Gene Identified as Key Driver of Type 2 Diabetes, Offering Potential for New Therapies

Researchers have identified the SMOC1 gene as a critical factor in the development of type 2 diabetes (T2D), potentially paving the way for therapies that directly address the root cause of beta cell failure.

The study, published today in Nature Communications, found that in individuals with T2D, the SMOC1 gene—typically active only in alpha cells—becomes active in beta cells, which are responsible for producing insulin. This reprogramming transforms beta cells into dysfunctional, alpha-like cells, impairing insulin production and release. Type 2 diabetes affects over 37 million Americans, and current treatments primarily manage symptoms rather than halting disease progression.

Scientists at City of Hope utilized single-cell RNA sequencing to analyze pancreatic tissue from 26 donors, 13 with T2D and 13 without, revealing the gene’s role. “Normally, SMOC1 is active in healthy people’s alpha cells,” explained Dr. Geming Lu, a researcher at City of Hope. “But we saw it start showing up in the diabetic beta cells, too. It should not have been there.” Further laboratory tests confirmed that increasing SMOC1 levels in human beta cells directly led to decreased insulin production and cellular transformation. You can learn more about the role of beta cells at the National Institute of Diabetes and Digestive and Kidney Diseases.
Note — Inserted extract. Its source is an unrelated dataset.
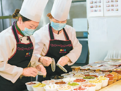 首先是讓消費者吃得踏實放心。中國飯店協會聯合紅餐網發布《疫情防控期間餐企經營指南》,提出以“安全”為第一要務。具體內容包括:在食材保障方面,建立統一科學的原料采購管理機制,選擇資質合格、原料可溯源的供應商;在公共設施方面,餐廳內所有洗手池配備酒精洗手液,保障消毒設施供應充足,并準備好口罩、測溫儀等防護物資;在員工管理方面,加強例行檢測,組織疫情防護培訓,使員工了解病毒傳播途徑和防范方法,具備應急處理能力。從多方位采取嚴格措施,保障食品衛生等。不少餐飲門店以此為契機,細化從食材選購到加工制作再到外送的全流程服務,在全面提高安全衛生水平的同時,也通過進一步透明化,吸引消費者。

Researchers also discovered significantly higher levels of the SMOC1 protein within the beta cells of diabetic patients. Senior research associate Randy Kang stated, “The SMOC1 gene has barely been studied in diabetes. Based on these properties, we suspect SMOC1 strongly influences the differentiation and function of beta cells.” This discovery suggests that blocking SMOC1’s action could protect insulin-producing cells and potentially halt or reverse the progression of T2D, offering a new therapeutic avenue beyond existing treatments like GLP-1 receptor agonists.

The research team is now focused on developing a drug to inhibit SMOC1 and is in the early stages of therapeutic development, with no approved gene therapies currently targeting the gene for T2D.